> **TRY IT**
Write out the records word for word, with no pictures.

> **DATA PROVIDED**
..............................

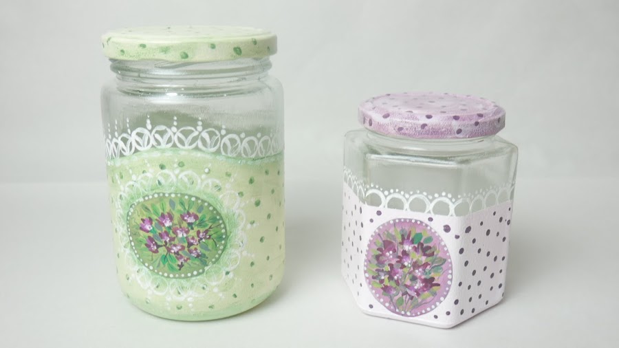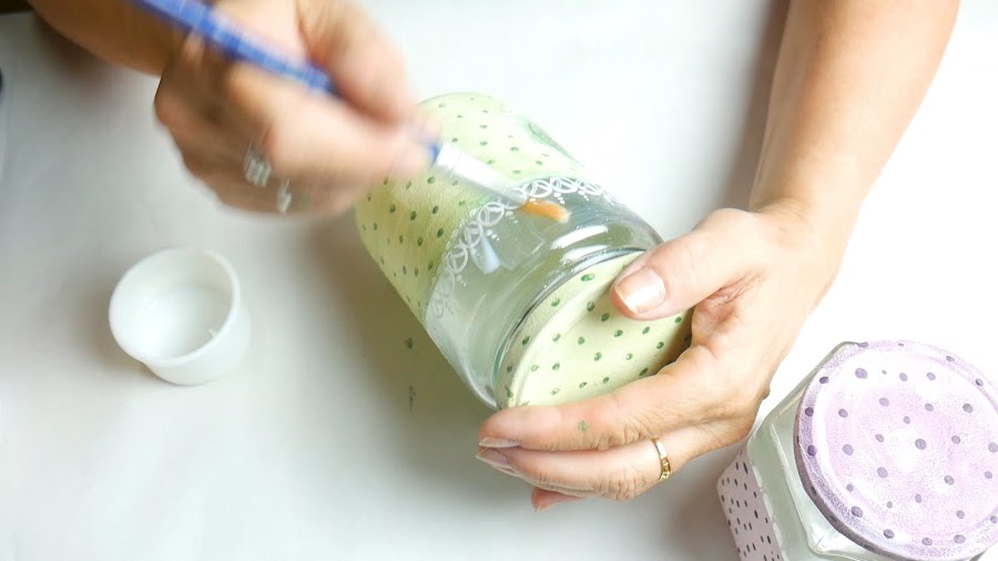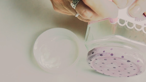 Para hacer las puntillas utilicé un capuchón de una fibra y la misma pintura acrílica con el barniz que había usado en los frascos. Mojaba la punta del capuchón cada vez y la aplicaba sobre el borde que no tenía pintura
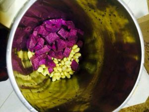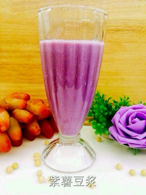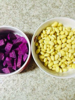 将黄豆和紫薯放在豆浆机里,加水到中水位,不要超过高水位。
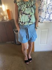 Love this top! Super light. Fun details for your online meetings. Paired it with some shorts from RTR. Hit the winery right after my work day- perfect!
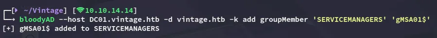bloodyAD --host DC01.vintage.htb -d vintage.htb -k add groupMember 'SERVICEMANAGERS' 'gMSA01$'
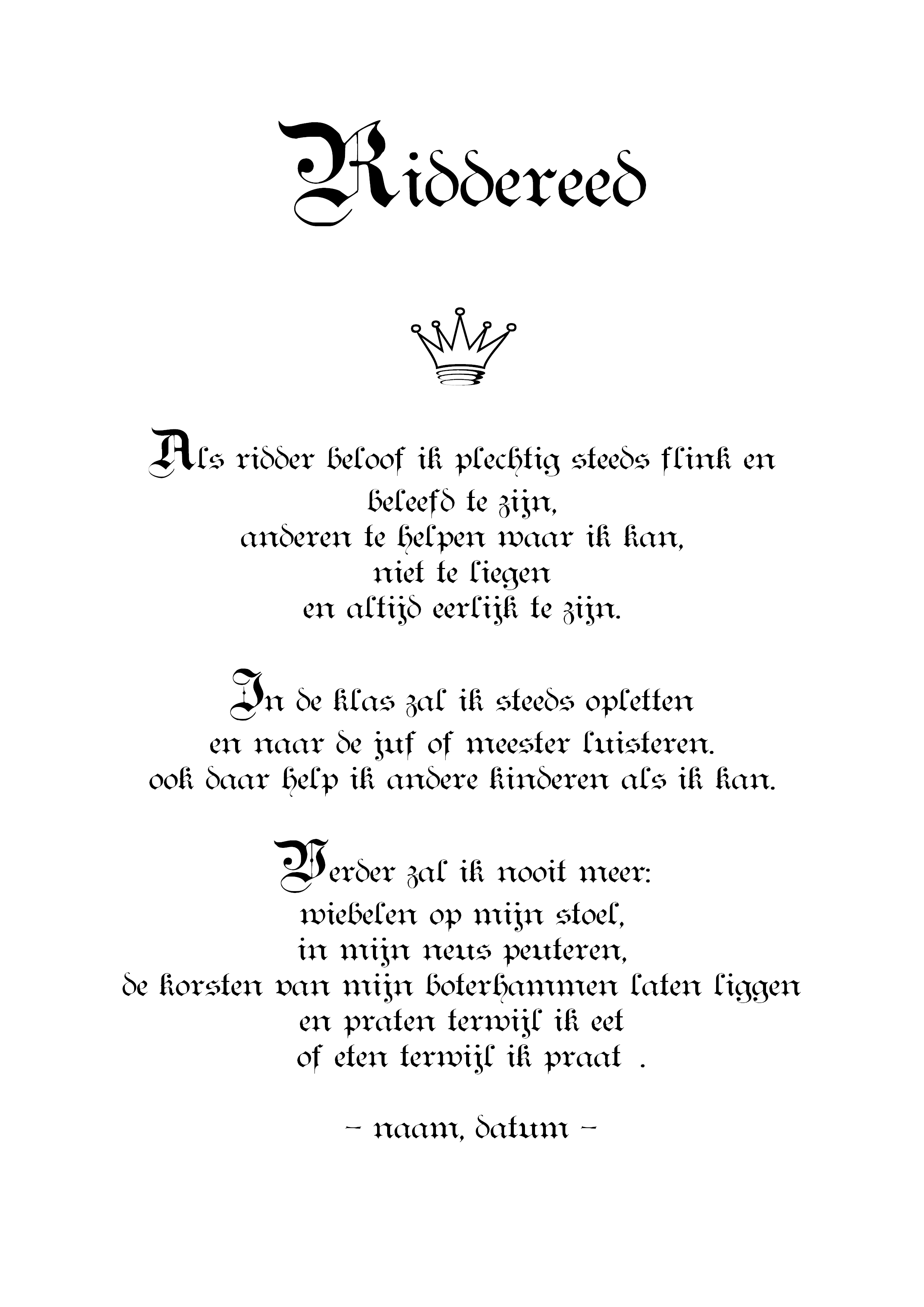 Download de riddereed, compleet met gotische letters én een kroontje! Beloof wel plechtig dat je dit op gekleurd papier afdrukt... :) :

..............................

> **EXPECTED ANSWER**
 Para hacer las puntillas utilicé un capuchón de una fibra y la misma pintura acrílica con el barniz que había usado en los frascos. Mojaba la punta del capuchón cada vez y la aplicaba sobre el borde que no tenía pintura
 将黄豆和紫薯放在豆浆机里,加水到中水位,不要超过高水位。
 Love this top! Super light. Fun details for your online meetings. Paired it with some shorts from RTR. Hit the winery right after my work day- perfect!
bloodyAD --host DC01.vintage.htb -d vintage.htb -k add groupMember 'SERVICEMANAGERS' 'gMSA01$'
 Download de riddereed, compleet met gotische letters én een kroontje! Beloof wel plechtig dat je dit op gekleurd papier afdrukt... :) :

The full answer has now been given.